I don't know what is meant by "policy letter." Is that something that should be of uniform applicability but hasn't been adopted as a regulation that a process that would put everyone on notice that it is in effect? The Connecticut Supreme Court seems to have relied on the DEP guidance document on upland review areas when issuing its decision in Queach v. Inland Wetlands Commission, 258 Conn. 178 (2001). But does that mean that a DEP guidance document on a subject not particularly related to wetlands protection, say on PCBs (if one exists) should be considered without "connecting the dots" -- that is, without an explanation of how PCBs harm wetlands?

I wonder if this is an attempt to erode the Connecticut Supreme Court's pronouncements that there be actual adverse impact to the wetlands or watercourses in order for an agency denial to be legally sufficient. Or is this meant to blur the line between meetings, at which the public observes but does not participate, and public hearings where the public participates? If the statute is amended to read that the agency shall consider all evidence "brought before such agency or its agent" doesn't it still depend on whether the agency decided to hold a public hearing?
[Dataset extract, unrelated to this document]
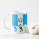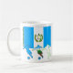 Drei Fußballspieler in der Silhouette spielen vor der guatemaltekischen Flagge. Ländername Guatemala ist auf der Seite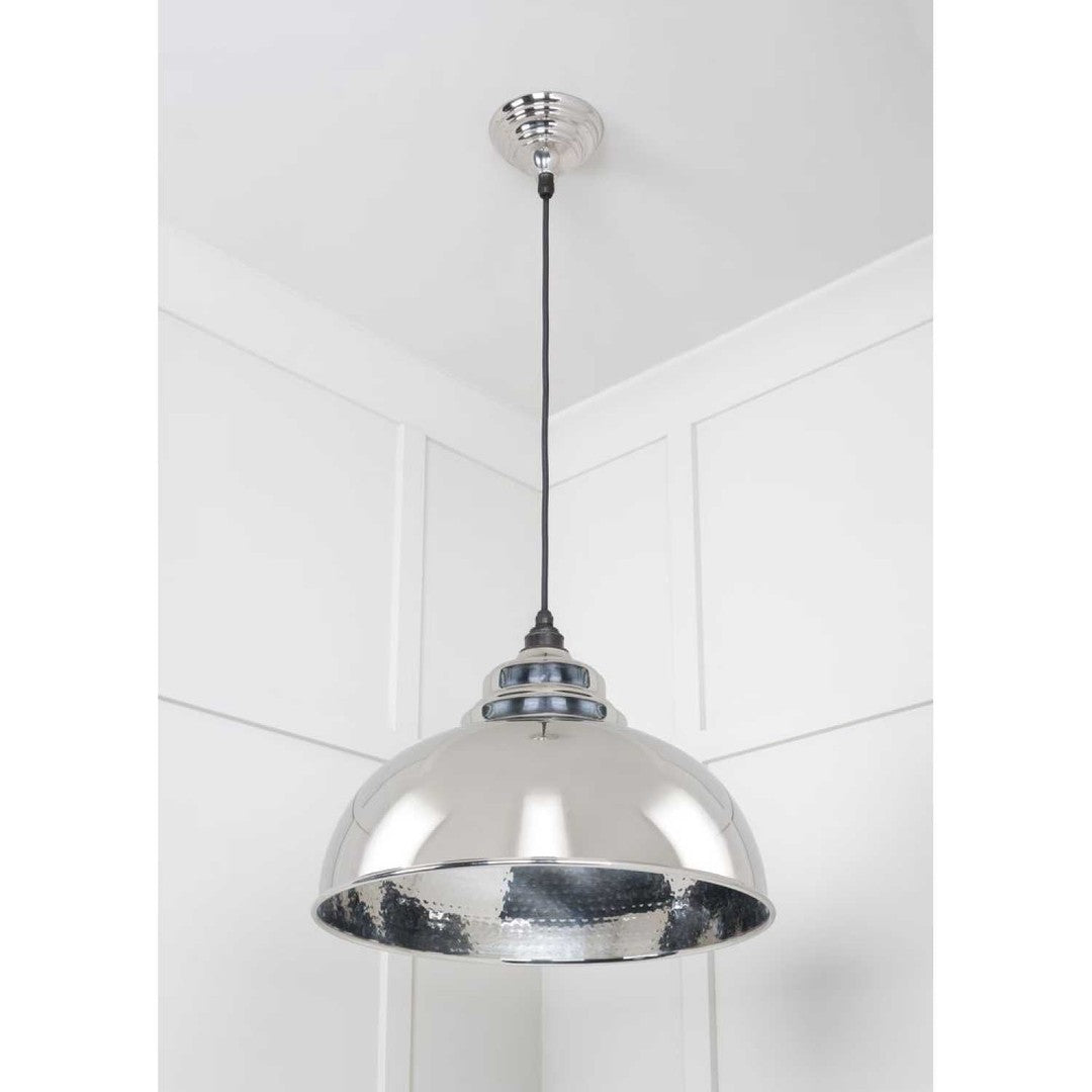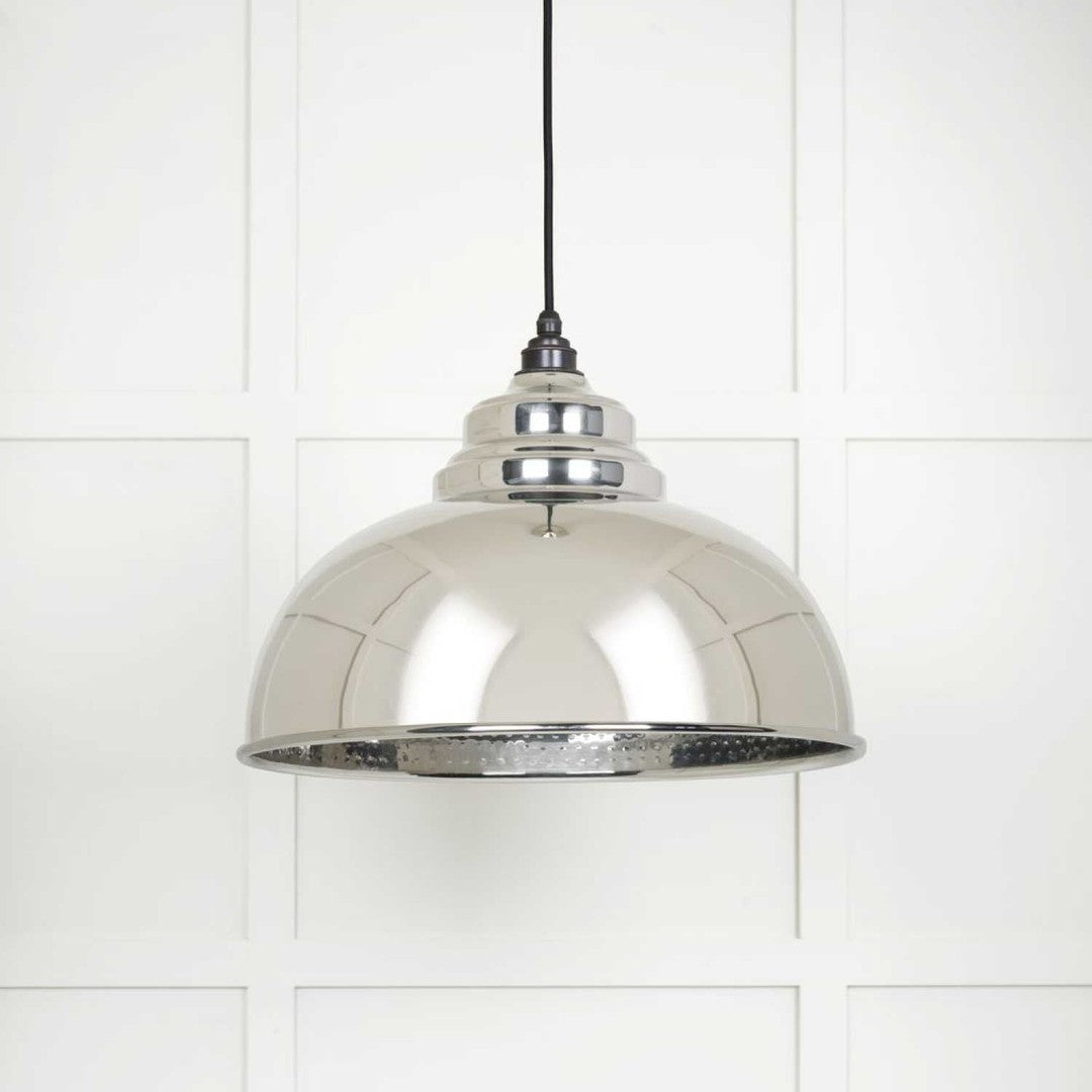 Crafted from solid brass and plated in Nickel, this sleek, contemporary look is sure to turn heads. The Nickel material creates beautiful reflections and unexpected lighting accents, perfect for illuminating any living space. A timeless addition to any modern home, the Nickel Ceiling Light has a choice of smooth or hammered internal shade.

What is overlooked in the bill's statement of purpose is the change to the legislative finding. The act currently speaks of the need to adopt a process to keep the state from the "random" use of wetlands and watercourses. The wetlands act does that by "providing an orderly process to balance the need for economic growth . . . with the need to protect [the] environment." § 22a-36. This proposal adopts the preservation language already present in the tidal wetlands statute by adding to the end of the legislative finding the following text: "It is the public policy of the state to preserve and to prevent the despoliation and destruction of the inland wetlands and watercourses of the state." This change would not likely affect the month-to-month operations of wetlands agencies. The value would be when the courts interpret the law. In fact, as noted before, the Supreme Court has already relied on the finding in the tidal wetlands act when construing the inland wetlands act.

Time will tell whether this year's short session will adopt these enhancements.